Potential BoJ rate hikes to boost the yen

The other reason behind the ongoing Nikkei 225 Index sell-off is that the Japanese yen continues its strong downward trend. The USD/JPY pair jumped to 161.55 today, and is hovering near its highest level in over 40 years.

Therefore, with the pair being above the key support of 160, investors are concerned that the BoJ will hike interest rates more to make the yen more attractive.

These fears are notable because the bank has fewer options to boost the Japanese yen. It has already pumped $73 billion to the market and hiked rates to a multi-decade high of 1%.

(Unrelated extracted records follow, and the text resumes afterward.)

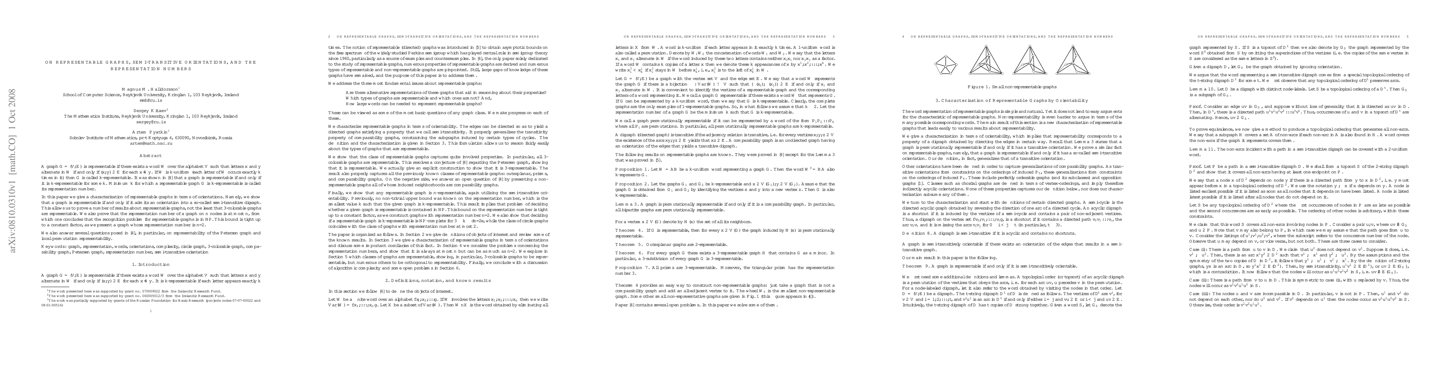 This paper characterizes representable graphs through semi-transitive orientations, proving that such graphs are representable if and only if they can be oriented into a semi-transitive digraph. It establishes that the representation number of a graph is at most its number of nodes, and provides a tight bound for certain graphs.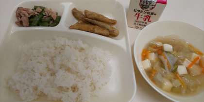 今日の給食は「いわしてんぷら、すまし汁、豚肉とさんどまめのいためもの、ごはん、牛乳」でした。いわしてんぷらは、1尾丸ごと食べることができるのでカルシウムたっぷりです。
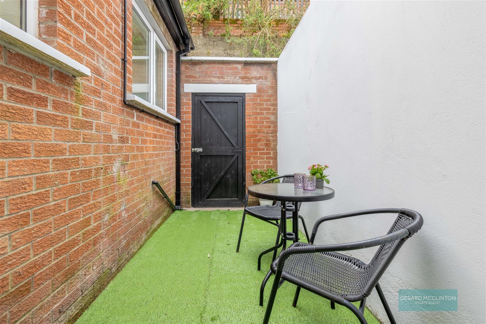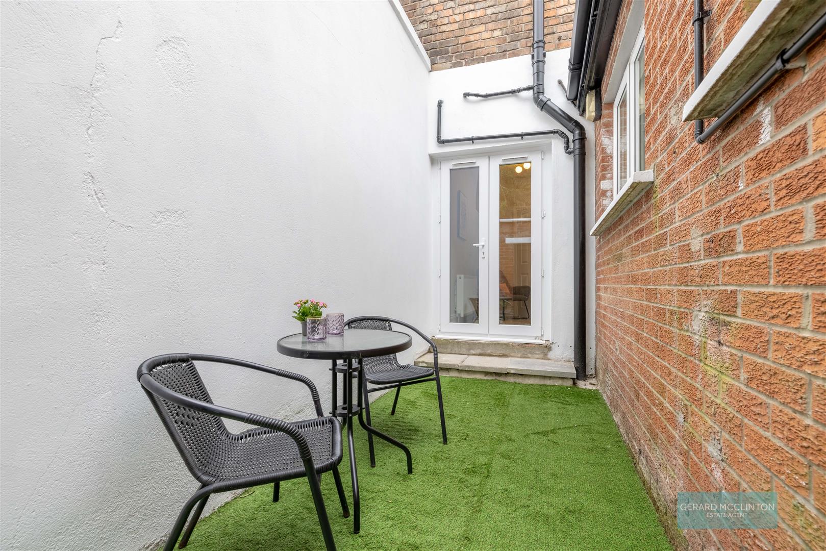 Newly fitted UPVC double glazed patio doors onto enclosed rear yard, newly painted external wall in crisp white and low maintenance artificial grass newly laid.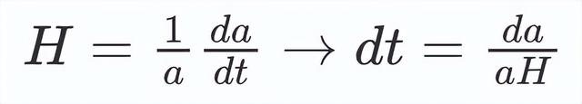其中a是今天的比例因子,它等于1。我們知道,哈勃常數是星系退行速度與距離的比值,但在這里,我們將使用的是根據比例因子定義的哈勃常數: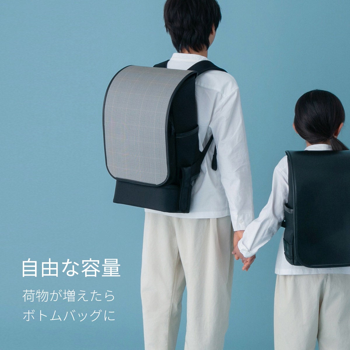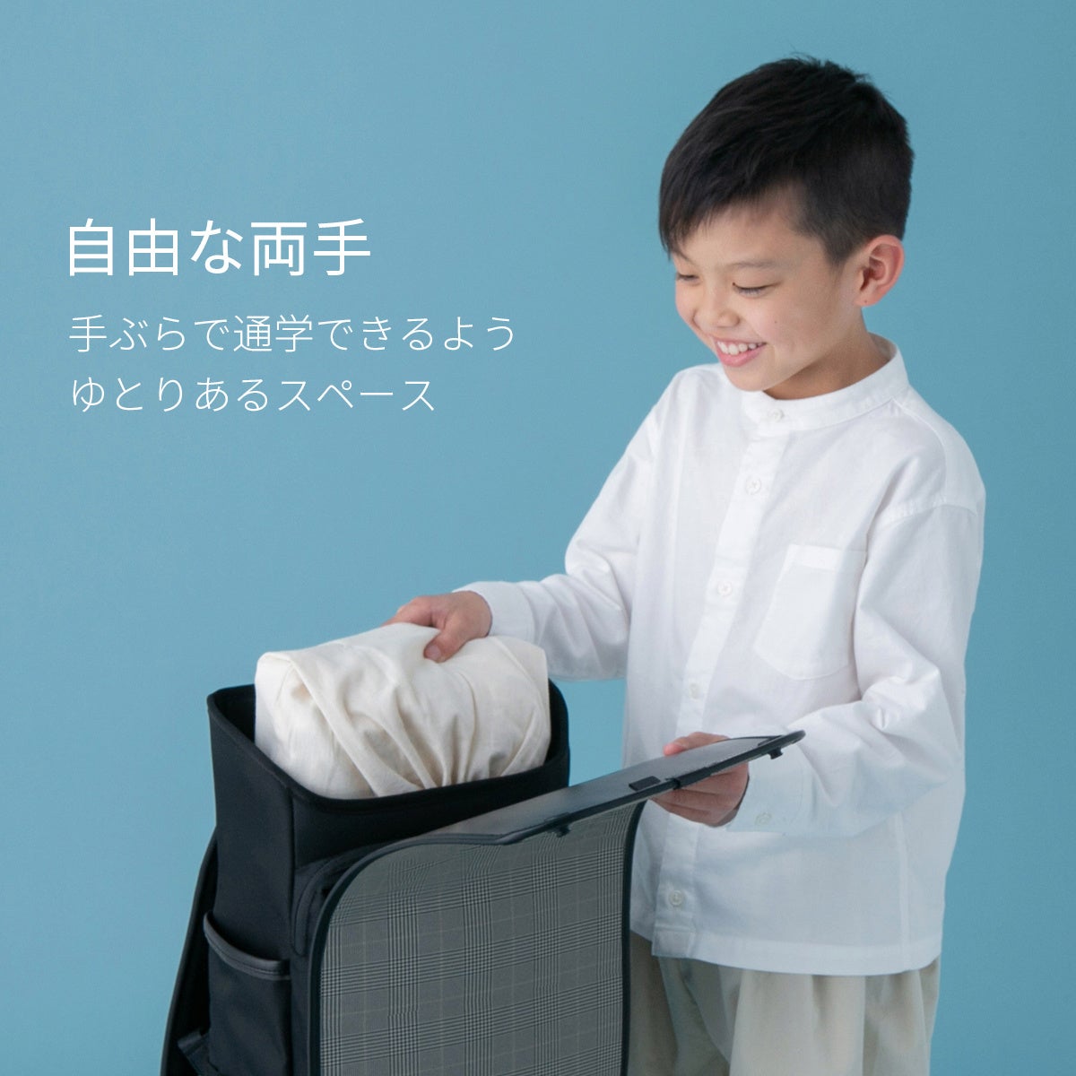 - 「自由な両手」手ぶらで通学できる、ゆとりあるスペース自由な容量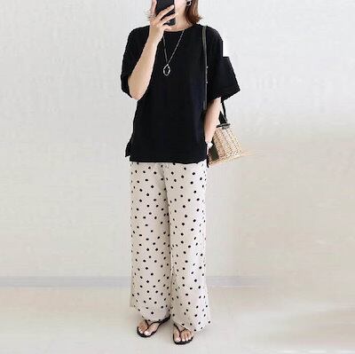 ワイドパンツ レディース 春 夏 ドット柄 ボトムス ロング丈 パンツ ガウチョパンツ ガウチョ ロングパンツ 水玉柄 きれいめ 大きいサイズ ウエストゴム 涼しい 楽ちん ゆったり ドット 着?せ | koookooo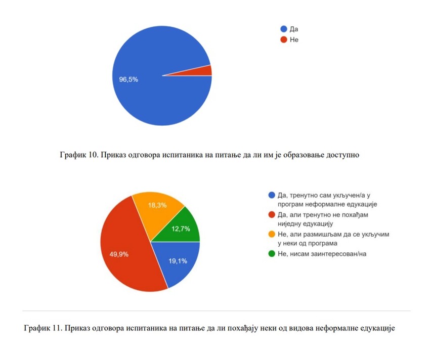 Naime, skoro polovina mladih u Novom Sadu, čak 49,9 odsto njih pohađalo je programe neformalnog obrazovanja kao što su seminari, kursevi, radionice, strani jezici i edukacije, koje nisu u vezi sa školom ili fakultetom, dok 18,3 odsto razmišlja da se uključi u neki od pomenutih programa.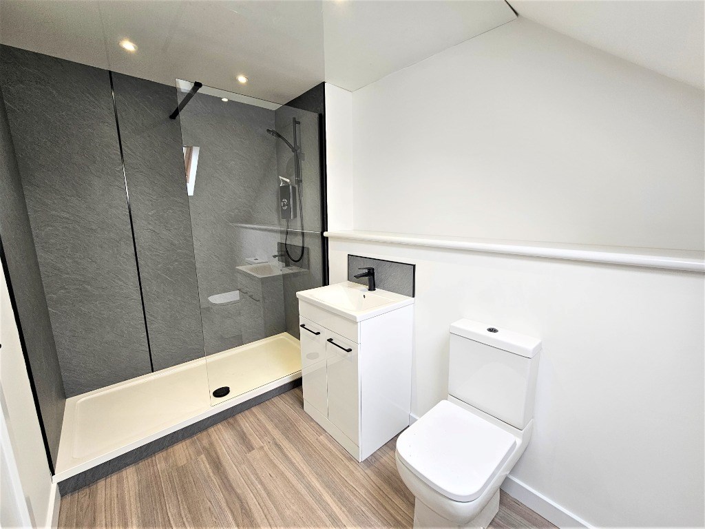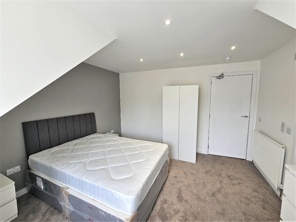 Double bedroom with built in storage and en-suite shower room: Communal kitchen/ living room with breakfast bar, dishwasher, fridge freezer: Utility room with washing machines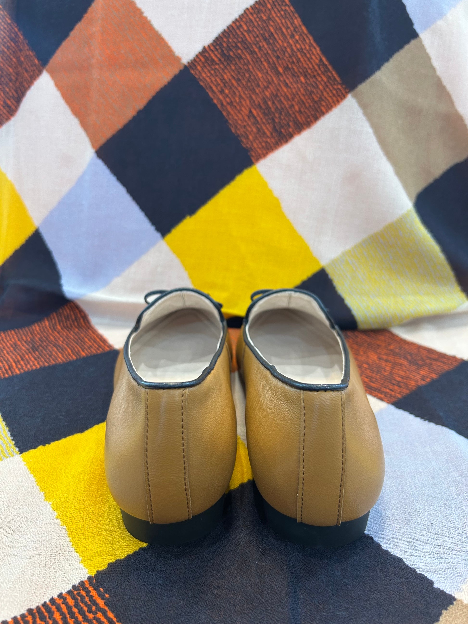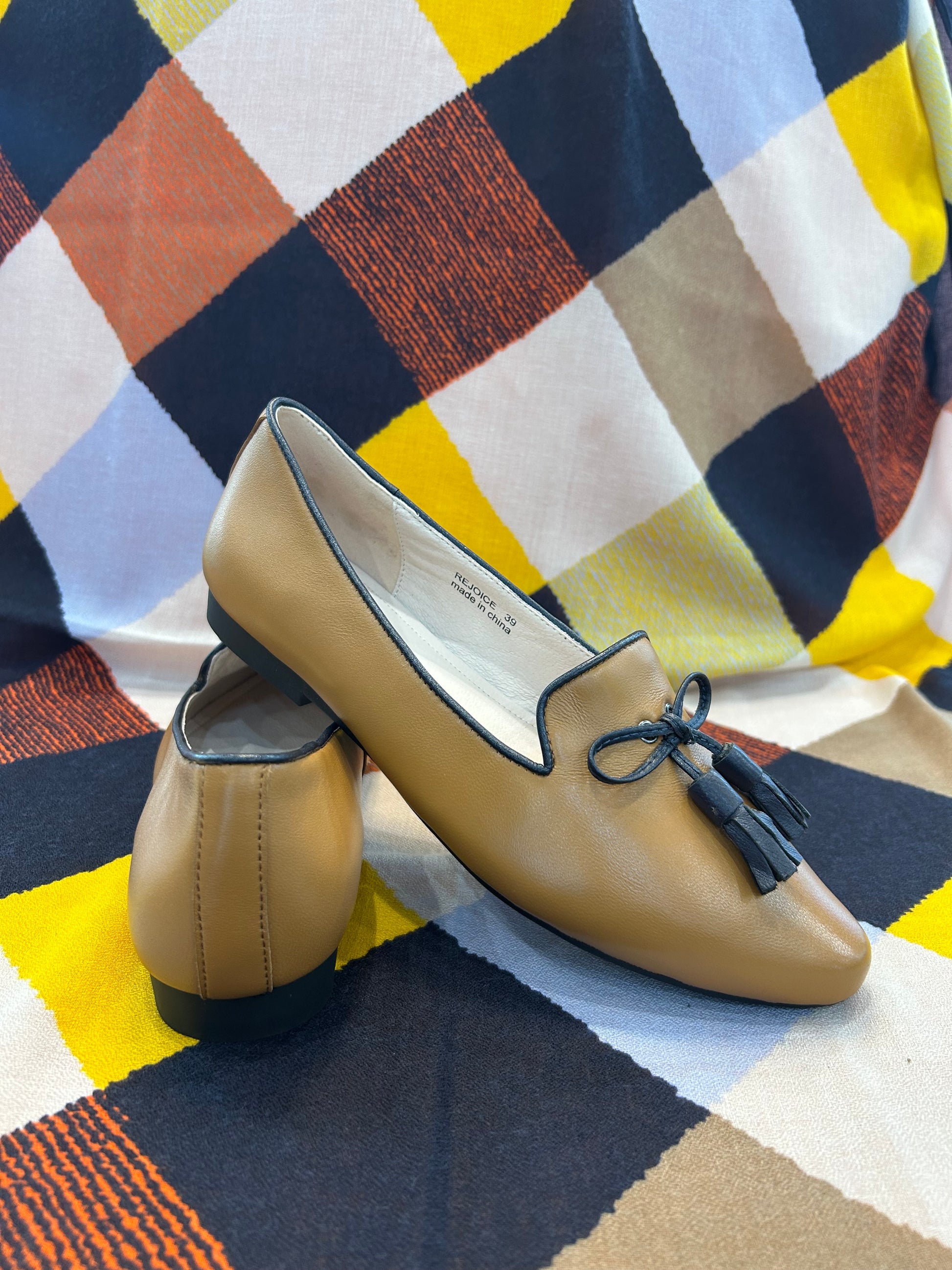 Emma Kate Rejoice is a charming tan flat with timeless appeal. Featuring a rich navy trim and a sweet matching bow, this shoe proves that navy and tan are always a winning combination. The elegant almond toe shape adds a refined finish, while the classic colour palette makes it endlessly versatile—perfect for pairing with everything from jeans to dresses.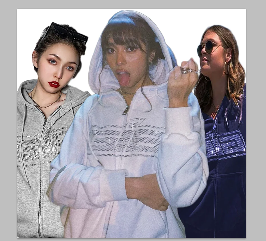 Y2K Harajuku Стразы с капюшоном на молнии в Корейском стиле свободн...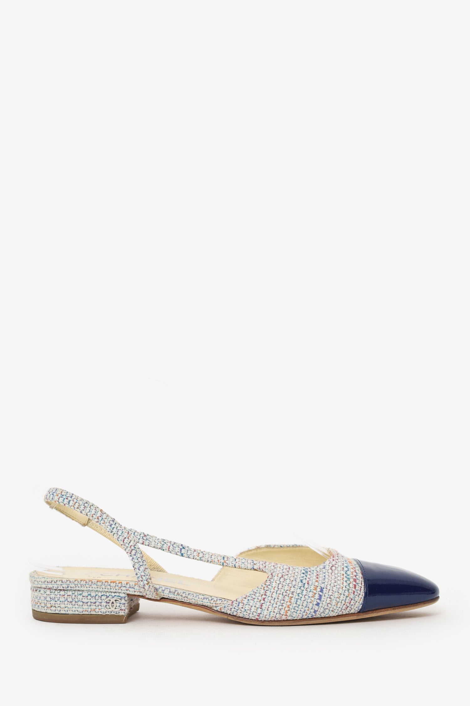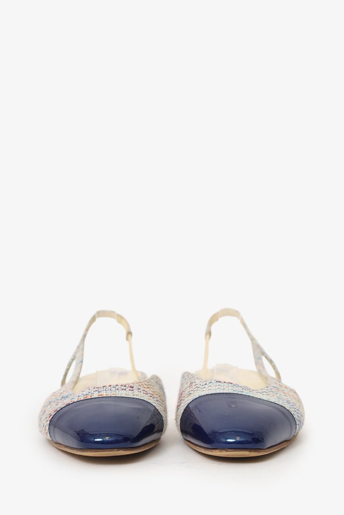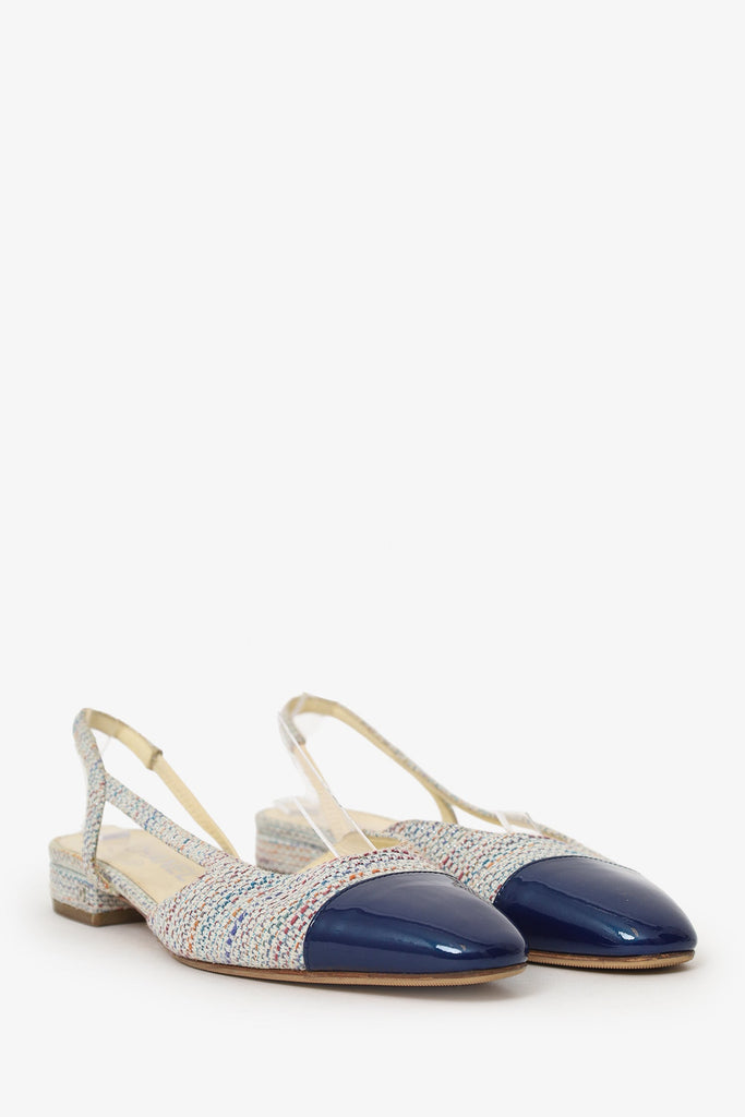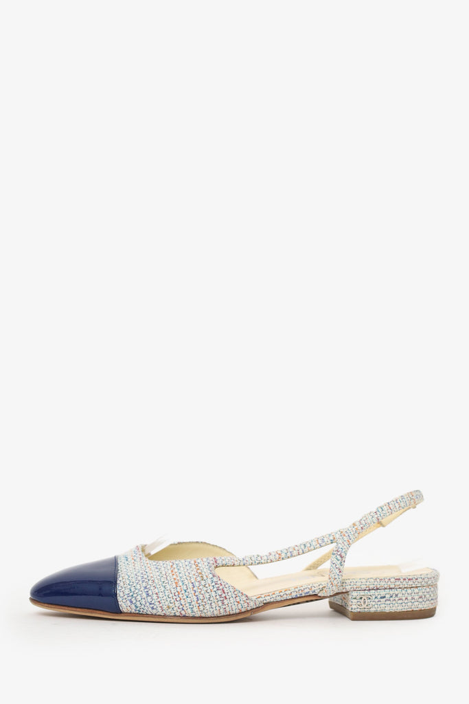 Pre-Loved Chanel™ Blue Tweed Cap Toe Slingback Pumps Size 37.5

Still, despite this, the spread between the US and Japanese bonds is substantial, a widening that may continue if the Fed hikes rates later this year. Worse, it is highly unlikely that the US will come to Japan’s rescue using currency swaps before the upcoming midterm elections.

These fears explain why Japan bond yields are rising gradually. The ten-year yield rose to 2.67%, while the two-year yield rose to 1.41%.

Nikkei 225 Index technical analysis

Nikkei 225

Ni225 | Source: TradingView

The daily chart shows that the Nikkei 225 Index has pulled back in the past few days. It has slipped from a high of 72,781 on Monday to the current 68,572. This retreat has coincided with that of US indices like the S&P 500 and Nasdaq 100 indices. 

Because of the recent rally, the index has remained above the 50-day and other moving averages. The two lines of the Percentage Price Oscillator (PPO) have formed a horizontal channel.

Therefore, the index will likely remain under pressure in the near term as investors start booking profits. If this happens, the next level to watch will be the psychological level of 68,800.